Sunday, January 9, 2011
I don’t cry often, but when I do it’s the hard, ugly cry, the one where the nose gallops off first and then the makeup, the eyes don’t make an appearance until later, and then they are puffy like the giant Marshmallow man from Ghostbusters stomping over the rest of my skyline visage until red and pink splotches are the only rubble left.
The only thing I hate worse than crying is crying in front of others. To me, it is a weakness, a failure I need to exorcise and I really don’t know why. I hate it and I try to squash over it with my will, but today apparently I had some emotion that just needed to come out, at church, during my class, in front of everyone, and it was coming and there was nothing I could do about it.
I had just born my testimony and borne witness of the Savior and I said ‘Amen’ and then I had to leave or I was going to flood the room. I told the kids I would be right back and I passed every friend I have, and every one who doesn’t know me as well, and I bee lined for the bathroom. Of course, someone had just thrown up and I couldn’t get in to find refuge. I only needed a minute. Where to go? Someone came to sit with me, but I just needed a Kleenex, a minute to put Humpty Dumpty together again. And oh no, I had left my primary class.
The bathroom was finally clean and I scraped the mascara asphalt off my cheeks and took some deep breaths and then I went back in. It isn’t an easy class. It isn’t easy and if I’m honest I have to pray very hard to love all of the children and some of them don’t love me yet, and one may never love me, but that is not why we teach, but it can’t matter because by teaching those kids I will love them. Still, I must admit, I was not prepared today for a Stand And Deliver moment. Do I have that in me?
I am so sensitive to the moods of others. If someone is upset or sad, I internalize it and hold it. One of the little girls has a hard life and her defenses are the Great Wall of China. She is not afraid to tell me I bug her and she hates me, hates to read the scriptures, and pretty much hates everything.
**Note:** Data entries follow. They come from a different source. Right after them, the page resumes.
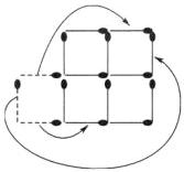 3. 下面是用火柴棒摆出的“品”字,共有3个小正方形。请移动其中的3根火柴棒,使它含有5个正方形。
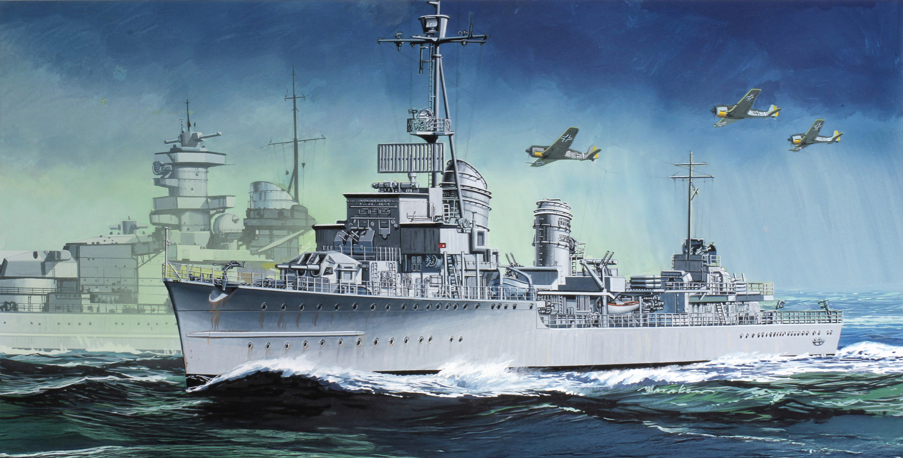 Germany produced a total of 15 Zerstörer 1936A-class destroyers, which the Allies referred to as the Narvik class. They were actually closer in size to a light cruiser than a destroyer, and they were known only by their hull numbers and didn’t receive any name. They sported powerful 5.9-inch guns, with the last three destroyers constructed by F. Krupp Germaniawerft AG in Kiel. Z38 was the penultimate destroyer of the class after being commissioned on 20 March 1943. One of its first combat missions was to escort the Scharnhorst battleship, and near the end of the war it operated in the Baltic Sea as German forces retreated. Z38 had a combat displacement of 3,691 tons and required a crew of 330 sailors. After WWII it was seized by the UK and used as a test ship under the name Nonsuch before being scrapped in 1950.
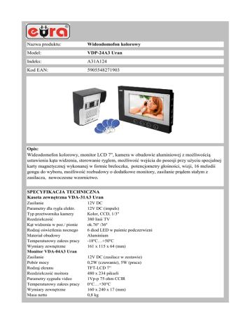 Nazwa produktu: Wideodomofon kolorowy Model: VDP-24A3 Uran Indeks: A31A124 Kod EAN: 5905548271903 Opis: Wideodomofon kolorowy, monitor LCD 7", kamera w obudowie aluminiowej z możliwością ustawienia kąta widzenia, sterowanie ryglem, możliwość wejścia do posesji przy użyciu specjalnej karty magnetycznej wykonanej w formie breloczka, potencjometry głośności, wizji, 16 melodii gongu do wyboru, możliwość rozbudowy o dodatkowe monitory, zasilanie prądem stałym z zasilacza, nowoczesne wzornictwo. SPECYFIKACJA TECHNICZNA Kaseta zewnętrzna VDA-31A3 Uran Zasilanie Parametry dla rygla elektr. Typ przetwornika kamery Rozdzielczość Kąt widzenia w poz./ pionie Rodzaj oświetlenia nocnego Materiał obudowy Temperaturowy zakres pracy Wymiary zewnętrzne Monitor VDA-04A3 Uran Zasilanie Pobór mocy Rodzaj ekranu Rozdzielczość moitora Parametry sygnału video Temperaturowy zakres pracy Wymiary zewnętrzne Masa netto 12V DC 12V DC (impuls) Kolor, CCD, 1/3" 380 linii TV ok.76º /36º 6 diod LED w paśmie podczerwieni Aluminium -18ºC…+50ºC 161 x 115 x 64 (mm) 12V DC (zasilacz w zestawie) 0,2W (czuwanie), 5W (praca) TFT-LCD 7” 480 x 234 pikseli 1Vp-p 75 ohm CCIR 0°C…+30°C 160 x 240 x 17 (mm) 0,8 kg

She also thinks I hate her and I am going to have to prove to her I don’t, but a lot about her scares me. And if she scares me, I don’t really love her yet or understand her the way I need to, so I have to plead and pray to.
I have a feeling in her life she has come across only a small percentage who have even known what to do with her, and she has a hurt you before you hurt her mentality. So I took that emotion from her today and wore it around my neck and I felt like it was strangling me. That and the lesson I gave filled me with some strong emotions that I had to shake off quickly and oh shame, not so privately.
Humility is hard. Being reminded how little I have of it is worse. And don’t get me started about my lack of charity… But tomorrow is another day. And nothing that is worthwhile is easy. And no one soul is less precious than another one.
I remember being twenty one years old and newly married and living in Virginia. I worked two jobs, one of them being at David’s Bridal. A woman came in and had me running ragged to help her with of all things, bras. After an hour she finally made her purchases and then proceeded to berate me in front of my supervisor. My supervisor stood up for me and placated her at the same time, and I stood there wanting to slug the woman and wanting to cry all in one breathe. I remember the woman leaving and me feeling like I wanted to crumple up, and my supervisor telling me, “Shake it off. You have other customers that need your help and you have to just move on.” Amen.
But oh, how I cried today.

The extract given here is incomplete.